Directions for this task: When you write out the listing, keep every character and omit the pictures.

The data:
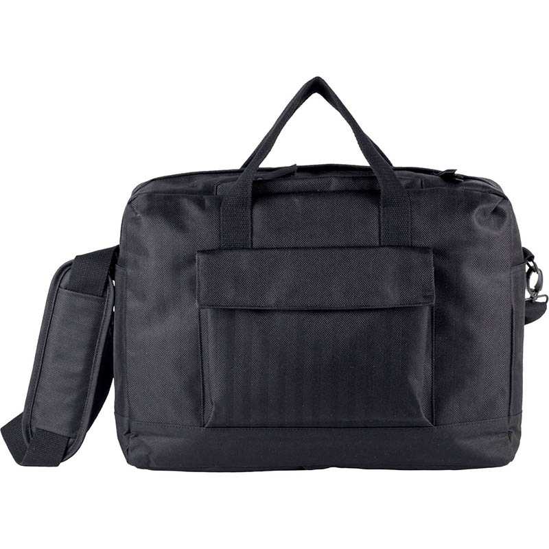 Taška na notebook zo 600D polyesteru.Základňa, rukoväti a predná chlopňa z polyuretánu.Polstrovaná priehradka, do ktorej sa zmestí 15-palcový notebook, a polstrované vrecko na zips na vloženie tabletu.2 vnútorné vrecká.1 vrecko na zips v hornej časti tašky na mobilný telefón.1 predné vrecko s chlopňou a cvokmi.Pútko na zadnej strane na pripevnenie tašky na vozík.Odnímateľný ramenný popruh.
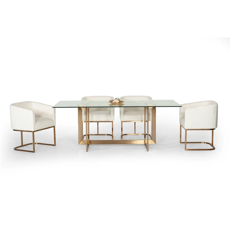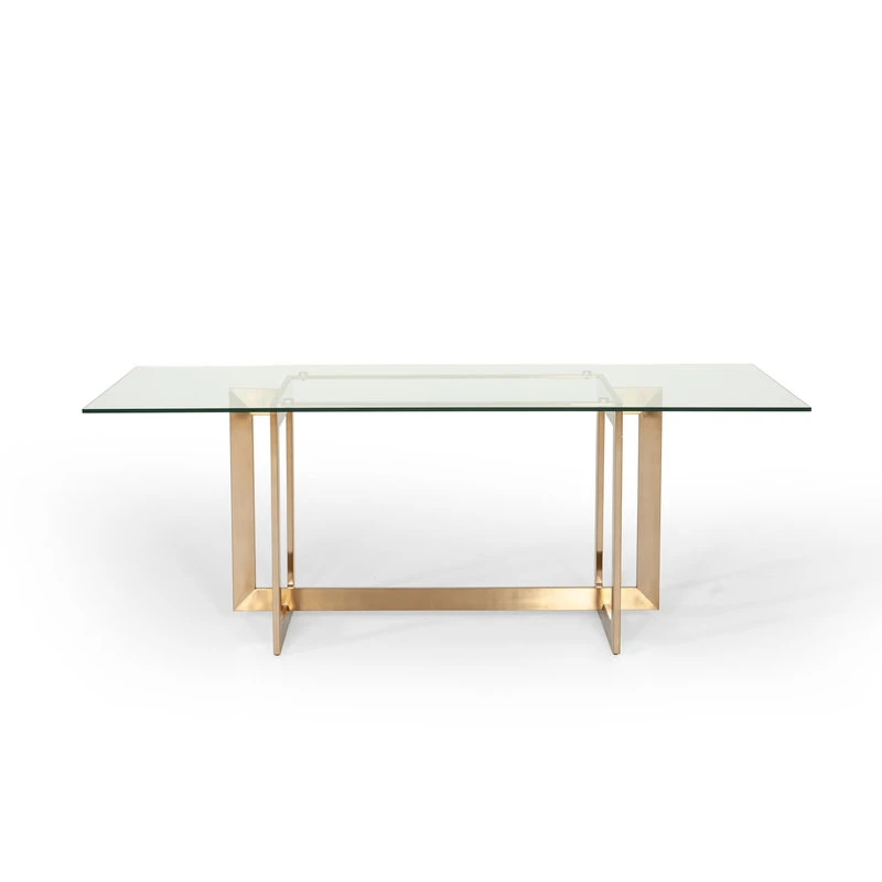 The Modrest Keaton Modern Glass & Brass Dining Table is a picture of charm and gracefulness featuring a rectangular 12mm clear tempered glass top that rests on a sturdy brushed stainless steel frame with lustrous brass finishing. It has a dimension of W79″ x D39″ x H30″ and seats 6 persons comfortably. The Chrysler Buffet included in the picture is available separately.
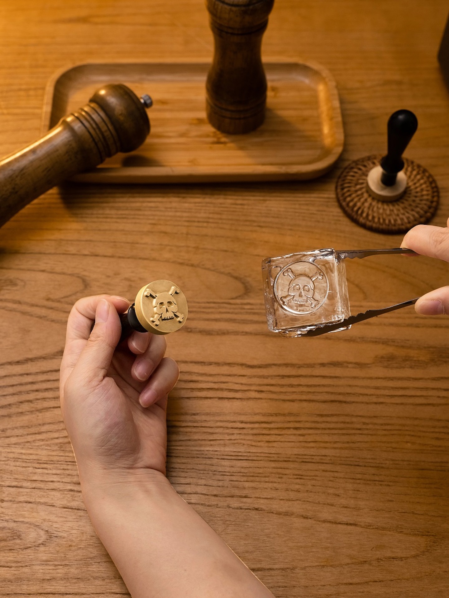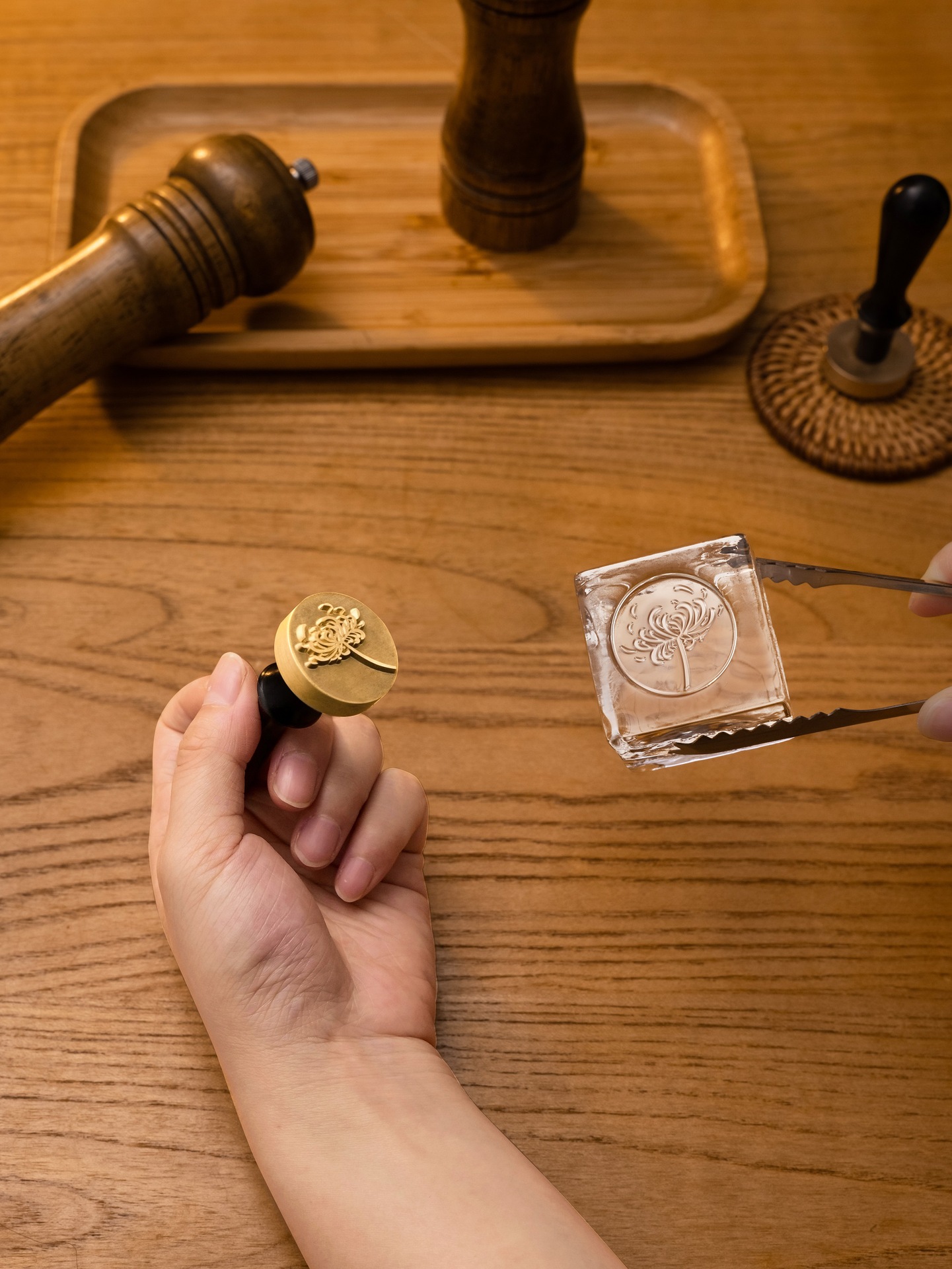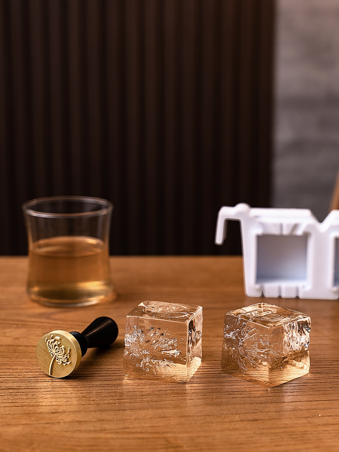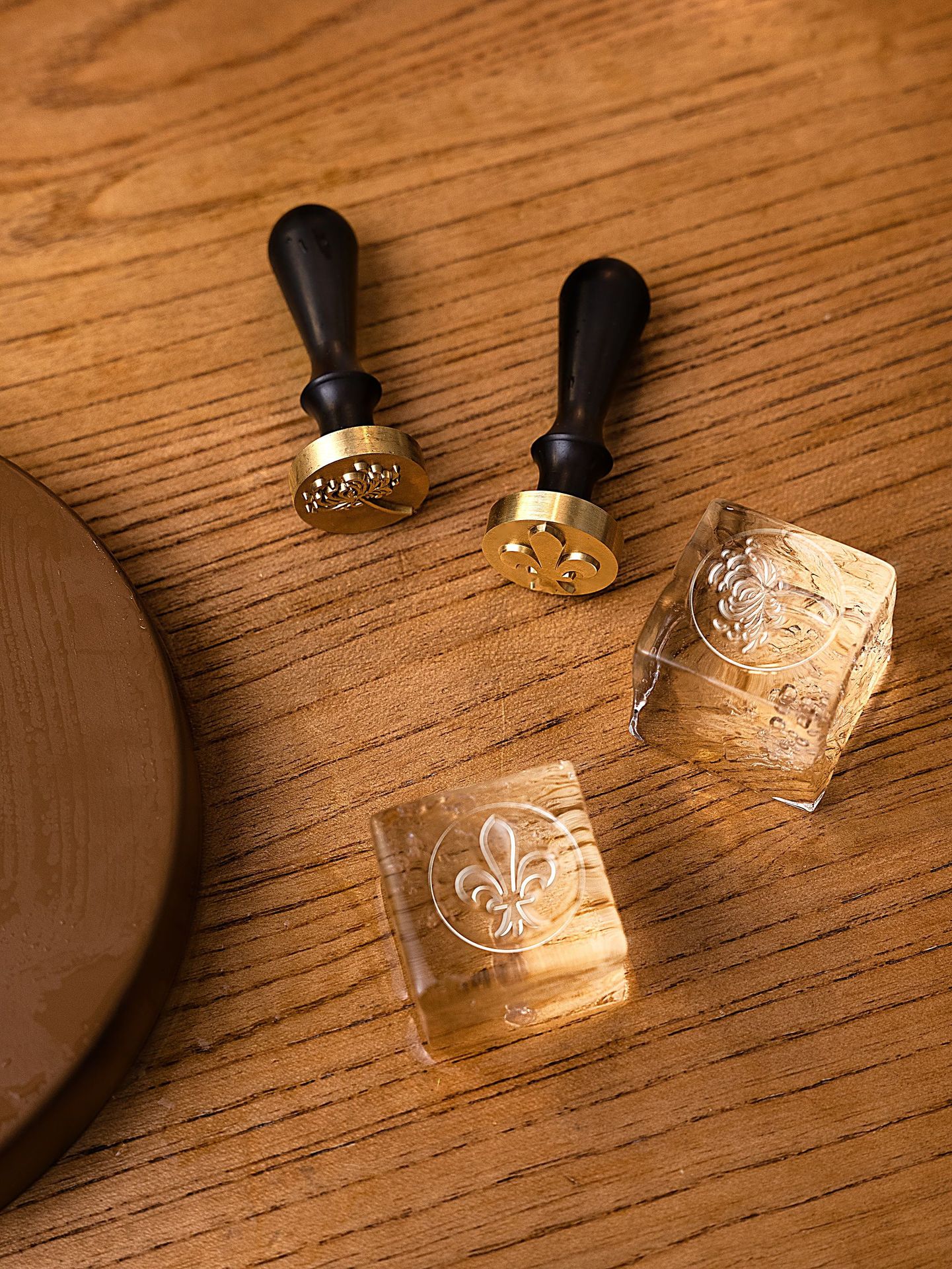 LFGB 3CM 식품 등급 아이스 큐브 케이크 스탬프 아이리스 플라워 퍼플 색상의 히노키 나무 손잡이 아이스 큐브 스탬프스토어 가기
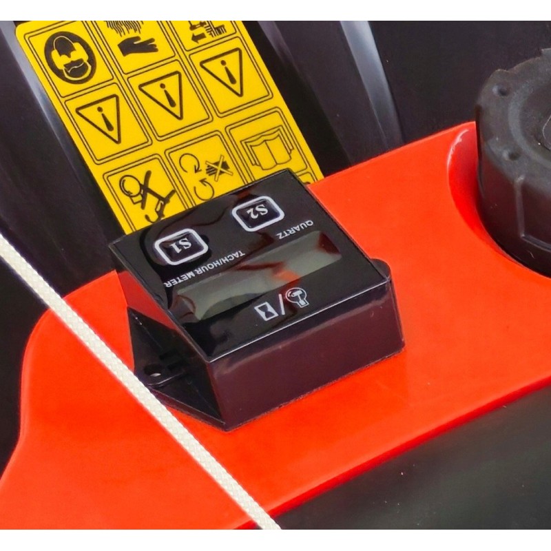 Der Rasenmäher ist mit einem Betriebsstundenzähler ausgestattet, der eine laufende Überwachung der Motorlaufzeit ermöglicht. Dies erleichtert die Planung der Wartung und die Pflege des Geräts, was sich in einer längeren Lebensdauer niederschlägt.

Answer box:
 Taška na notebook zo 600D polyesteru.Základňa, rukoväti a predná chlopňa z polyuretánu.Polstrovaná priehradka, do ktorej sa zmestí 15-palcový notebook, a polstrované vrecko na zips na vloženie tabletu.2 vnútorné vrecká.1 vrecko na zips v hornej časti tašky na mobilný telefón.1 predné vrecko s chlopňou a cvokmi.Pútko na zadnej strane na pripevnenie tašky na vozík.Odnímateľný ramenný popruh.
 The Modrest Keaton Modern Glass & Brass Dining Table is a picture of charm and gracefulness featuring a rectangular 12mm clear tempered glass top that rests on a sturdy brushed stainless steel frame with lustrous brass finishing. It has a dimension of W79″ x D39″ x H30″ and seats 6 persons comfortably. The Chrysler Buffet included in the picture is available separately.
 LFGB 3CM 식품 등급 아이스 큐브 케이크 스탬프 아이리스 플라워 퍼플 색상의 히노키 나무 손잡이 아이스 큐브 스탬프스토어 가기
 Der Rasenmäher ist mit einem Betriebsstundenzähler ausgestattet, der eine laufende Überwachung der Motorlaufzeit ermöglicht. Dies erleichtert die Planung der Wartung und die Pflege des Geräts, was sich in einer längeren Lebensdauer niederschlägt.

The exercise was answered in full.